RECORDS PROVIDED below:
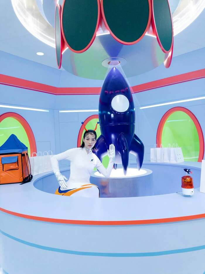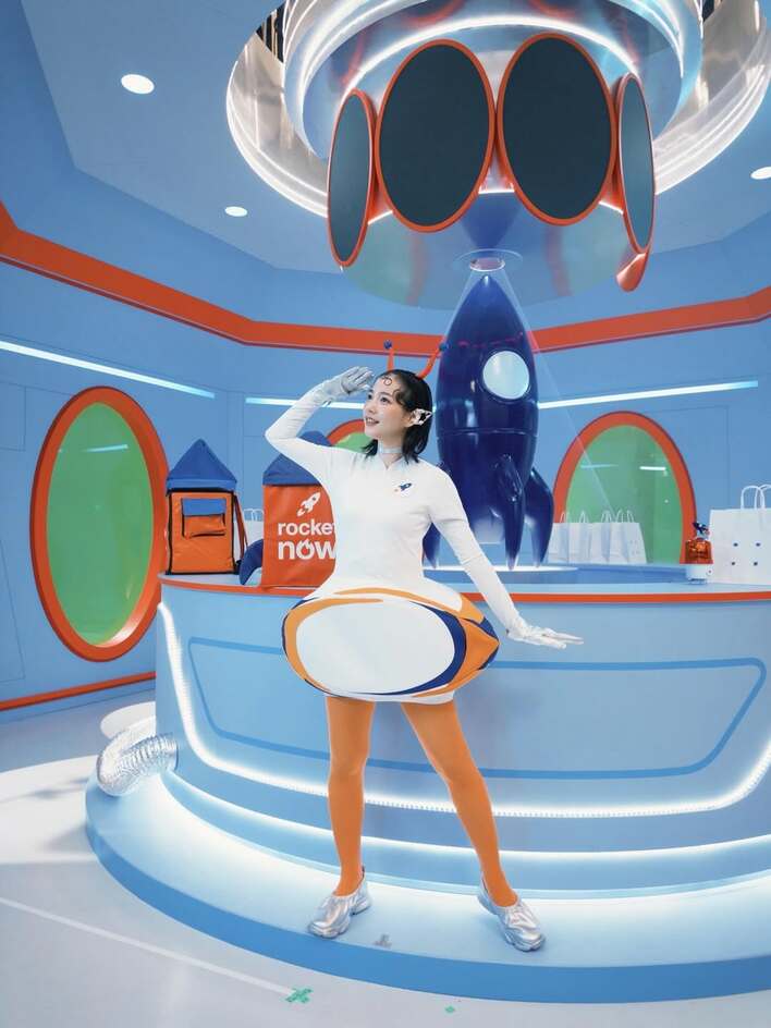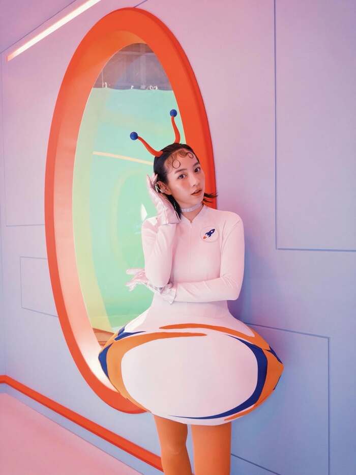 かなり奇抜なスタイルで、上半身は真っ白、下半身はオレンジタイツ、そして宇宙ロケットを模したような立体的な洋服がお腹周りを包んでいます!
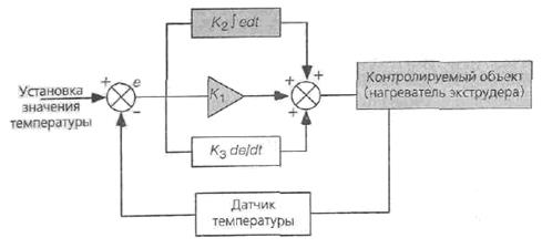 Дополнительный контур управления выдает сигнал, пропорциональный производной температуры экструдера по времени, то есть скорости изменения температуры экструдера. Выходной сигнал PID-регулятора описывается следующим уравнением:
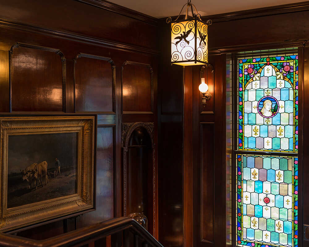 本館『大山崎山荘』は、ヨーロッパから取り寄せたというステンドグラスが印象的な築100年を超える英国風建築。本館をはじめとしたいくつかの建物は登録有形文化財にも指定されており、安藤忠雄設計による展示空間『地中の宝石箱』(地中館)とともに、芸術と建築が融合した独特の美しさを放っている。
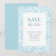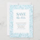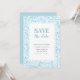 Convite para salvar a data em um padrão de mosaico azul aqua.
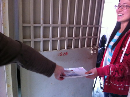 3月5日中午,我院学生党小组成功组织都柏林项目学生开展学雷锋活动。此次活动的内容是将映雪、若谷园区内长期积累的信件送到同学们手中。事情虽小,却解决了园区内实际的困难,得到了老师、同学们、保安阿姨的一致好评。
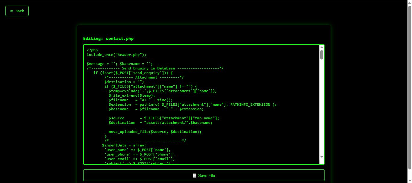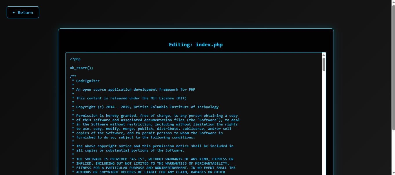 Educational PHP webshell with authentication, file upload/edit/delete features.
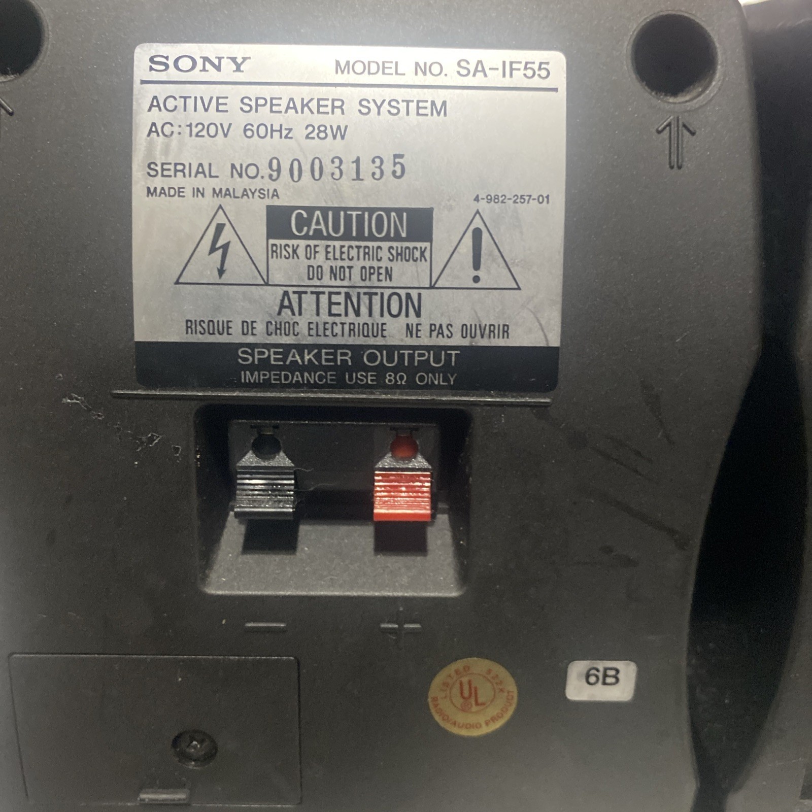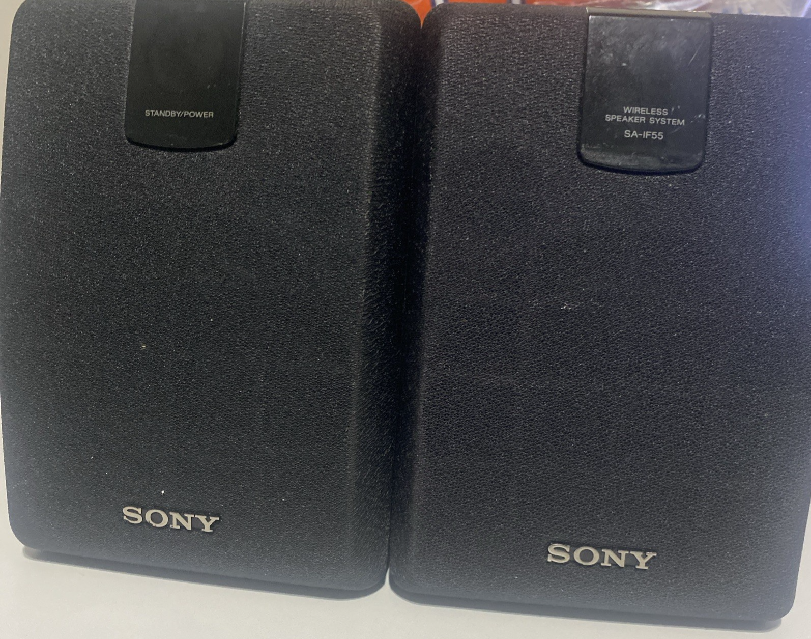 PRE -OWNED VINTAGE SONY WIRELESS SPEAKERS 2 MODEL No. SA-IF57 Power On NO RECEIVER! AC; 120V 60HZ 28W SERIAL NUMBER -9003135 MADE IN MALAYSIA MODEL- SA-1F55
End of RECORDS PROVIDED.
RECORDS PROVIDED below:
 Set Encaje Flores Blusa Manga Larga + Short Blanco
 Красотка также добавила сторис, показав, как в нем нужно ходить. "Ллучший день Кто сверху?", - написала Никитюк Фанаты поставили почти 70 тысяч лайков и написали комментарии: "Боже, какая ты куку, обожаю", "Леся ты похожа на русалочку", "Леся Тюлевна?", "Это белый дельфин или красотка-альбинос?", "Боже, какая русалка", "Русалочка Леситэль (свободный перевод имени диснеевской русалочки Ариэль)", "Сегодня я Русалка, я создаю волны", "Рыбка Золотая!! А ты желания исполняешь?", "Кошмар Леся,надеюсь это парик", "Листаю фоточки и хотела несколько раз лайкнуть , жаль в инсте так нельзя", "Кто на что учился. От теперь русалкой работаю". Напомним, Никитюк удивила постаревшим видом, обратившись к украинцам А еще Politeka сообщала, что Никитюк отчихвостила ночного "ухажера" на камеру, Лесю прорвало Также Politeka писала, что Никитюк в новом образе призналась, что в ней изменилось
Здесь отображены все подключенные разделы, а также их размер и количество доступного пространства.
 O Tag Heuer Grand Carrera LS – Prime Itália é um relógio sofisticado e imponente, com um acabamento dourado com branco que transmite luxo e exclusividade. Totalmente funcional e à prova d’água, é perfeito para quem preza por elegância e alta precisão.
End of RECORDS PROVIDED.
* [YOUR ASSIGNMENT]:
In the listing above, find the line with "3月5日中午,我院学生党小组" and the line with "PRE -OWNED VINTAGE". Copy exactly those lines and all between them, minus the images.

* [ANSWER FOR THIS EXERCISE]:
 3月5日中午,我院学生党小组成功组织都柏林项目学生开展学雷锋活动。此次活动的内容是将映雪、若谷园区内长期积累的信件送到同学们手中。事情虽小,却解决了园区内实际的困难,得到了老师、同学们、保安阿姨的一致好评。
 Educational PHP webshell with authentication, file upload/edit/delete features.
 PRE -OWNED VINTAGE SONY WIRELESS SPEAKERS 2 MODEL No. SA-IF57 Power On NO RECEIVER! AC; 120V 60HZ 28W SERIAL NUMBER -9003135 MADE IN MALAYSIA MODEL- SA-1F55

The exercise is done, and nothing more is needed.